Moving epsilon for certain manually initiated takeovers
Note: Although cluster formation voting can be modified by using the cluster modify -eligibility false command, you should avoid this except for situations such as restoring the node configuration or prolonged node maintenance. If you set a node to be ineligible, it stops serving SAN data until the node is reset to eligible and rebooted. NAS data access to the node might also be affected when the node is ineligible.
And, what does it mean "might be". I translate that as a "nobody knows, try..."
Now the most important question (we must migrate other three nodes!) is this:
Assuming that we've well understood that 1. migrate lif and only 2. epsilon false, it there an official answer/doc with updated information that ensure that is this the right procedure to avoid also NAS protocols interruption?
As you've experienced service disruption at a client site, I would suggest you should log a support case with our support centre, and ask for clarification of the documentation and correct steps to avoid an outage in the future.
I've brought this issue and this thread to the attention of the writer of that KB article.
Hi, thank you for the quick answer. Is the thing that I should do also because customer need some official position before to let us the steps with inverse path.
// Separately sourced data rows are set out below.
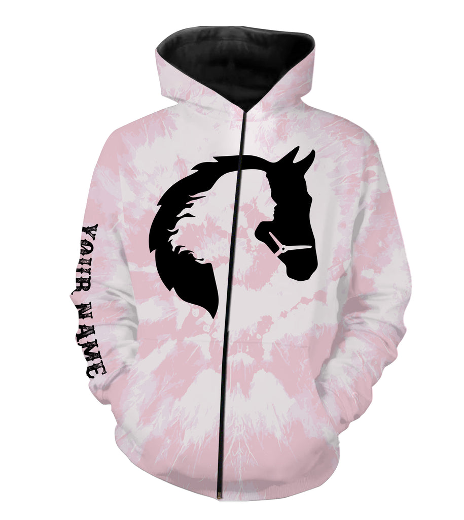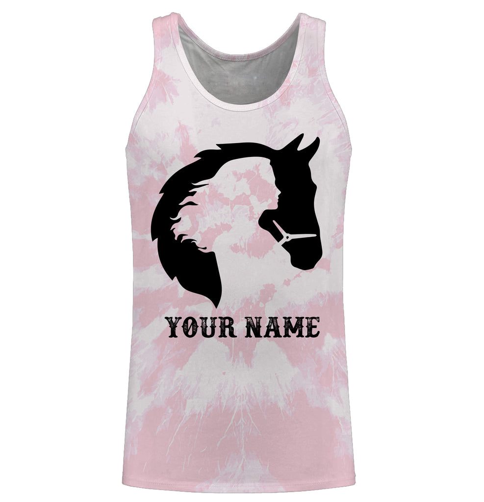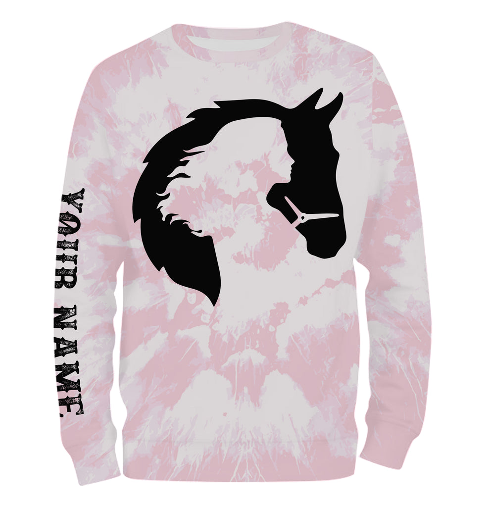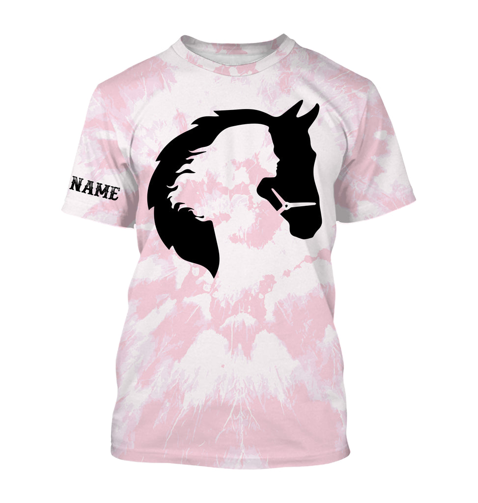 Girl riding horse pink tie dye Custom Name 3D All Over Printed Shirts Personalized horse shirt NQS3096
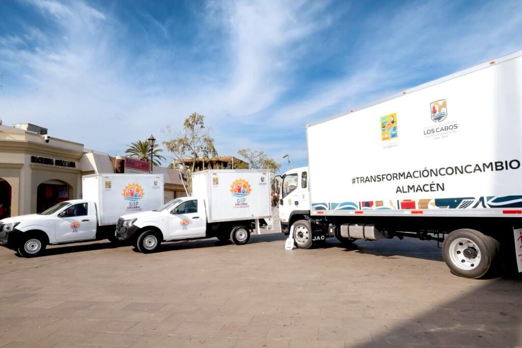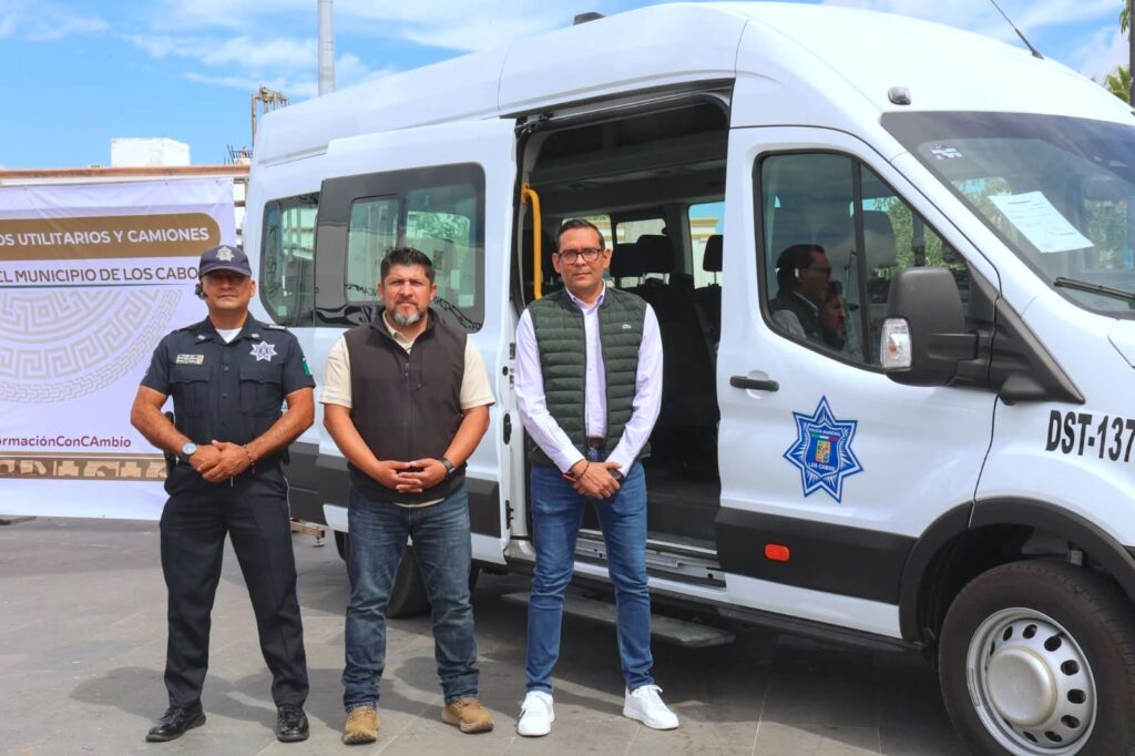 Los Cabos, Baja California Sur.– El presidente municipal Christian Agúndez Gómez encabezó la entrega de cuatro unidades móviles destinadas al Sistema Municipal DIF, Seguridad Pública y el área de Almacén del Ayuntamiento de Los Cabos.
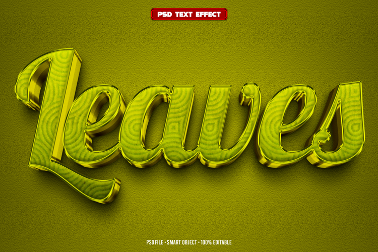 Modern Text Gold Style Design Nature Green Shiny Leaves Effect
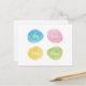 A stylish postcard featuring four watercolour pebbles with the words joy, love, hope and peace. The gently rounded pebbles of blue, pink, yellow and green encase each word written in white lettering. Beautiful and inspirational.
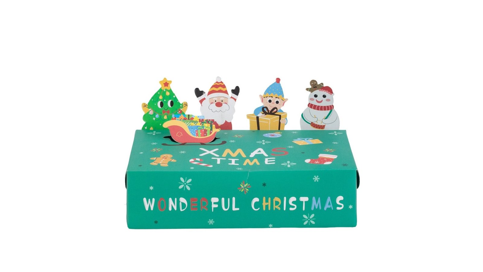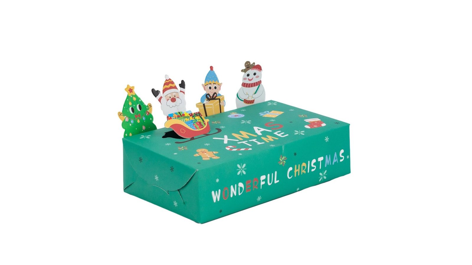 Cutie de Crăciun cu figurine 3D - verde are un design festiv și figurine 3D jucăușe, cutia devine un decor minunat pentru sezonul sărbătorilor Caracteristici: Design festiv: Cutia este decorată cu motive specifice Crăciunului, cum ar fi fulgi de nea, steluțe și inscripții haioase, creând o atmosferă caldă și primitoare Figurine 3D: Personajele îndrăgite ale lui Moș Crăciun, a elfului, a omului de zăpadă și a bradului de Crăciun, realizate în format 3D, adaugă un plus de farmec și originalitate Material de calitate: Cutia este fabricată dintr-un material rezistent și ușor de manipulat, asigurând o durată lungă de viață Utilizare: Ambalaj pentru cadouri: Cutia este perfectă pentru a împacheta cadourile cu stil și pentru a le oferi o notă personală Decor de Crăciun: Poate fi folosită ca eleme
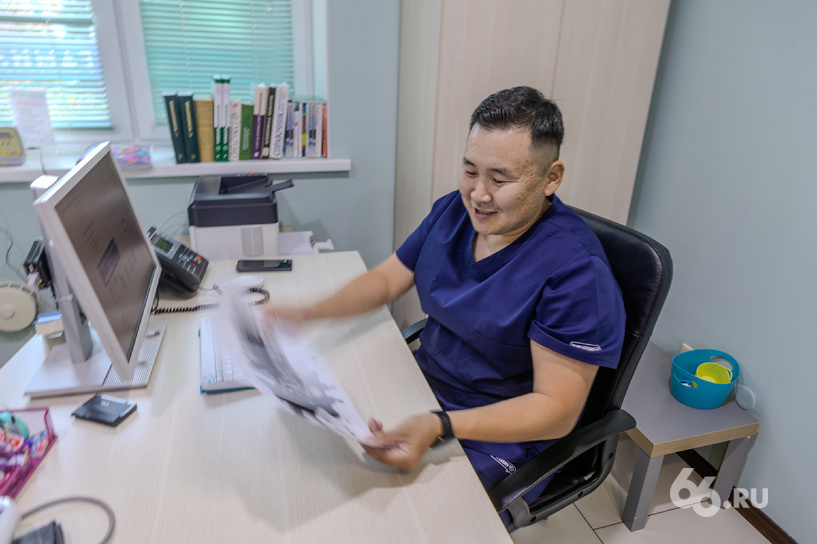 Тумэн Лыгденов встречает нас в своем кабинете в клинике «Фамилия». На подоконнике много специализированной литературы, на шкафу — картинки из теста Роршаха. Врач вежлив, сдержан и много улыбается, даже когда говорит о серьезных вещах.
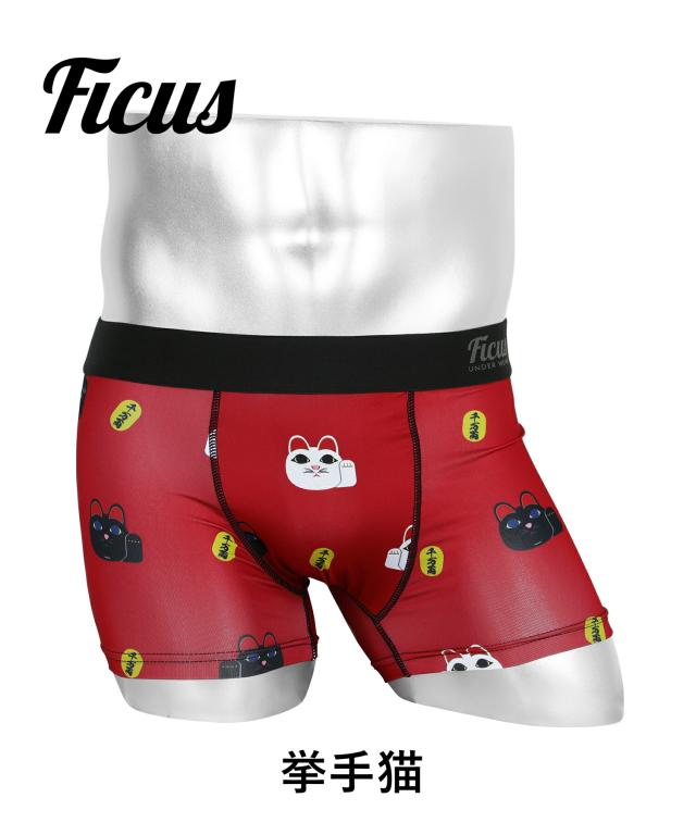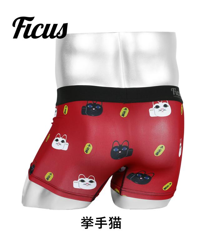 FICUS フィークス ボクサーパンツ メンズ アンダーウェア 下着 ツルツル 速乾 招き猫 縁起物 ご利益 アニマル柄 動物 ワンポイント ロゴ ワンポイント ブランド 男性 紳士 プレゼント プチギフト 誕生日プレゼント 彼氏 父 息子 ギフト 記念日
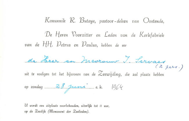 Van kanunnik R. Butaye aan de heer en mevrouw J. Servaes tot het bijwonen van de Zeewijding op 28 juni 1964

Otherwise he will plan an outage.
Another experienced Se told me that the sequence should be inverted also because if you look at the sequence after the reboot in that kb epsilon eleggibilità is the first thing so that it should be the last after aggr relocation and life move.
Just for clarification, what Giacomo is refering to is this:
Going through the steps in the KB, I would have done the epsilon and eligibility steps (Step 1 in the KB) right before the reboot (Step 8), *after* moving the aggregate and the LIFs away from the node to be worked on.
At that point in time it shouldn't disturb anything, since no user traffic should pass through this nodes interfaces or disks.
What do you think?
(I'm a little unclear about the meaning of "NFS was restarted", but I have a feeling the above change in sequence should help)
Also, if you look at the revert steps, the KB first restores eligibility and HA failover and only at the end reverts aggregates and LIFs.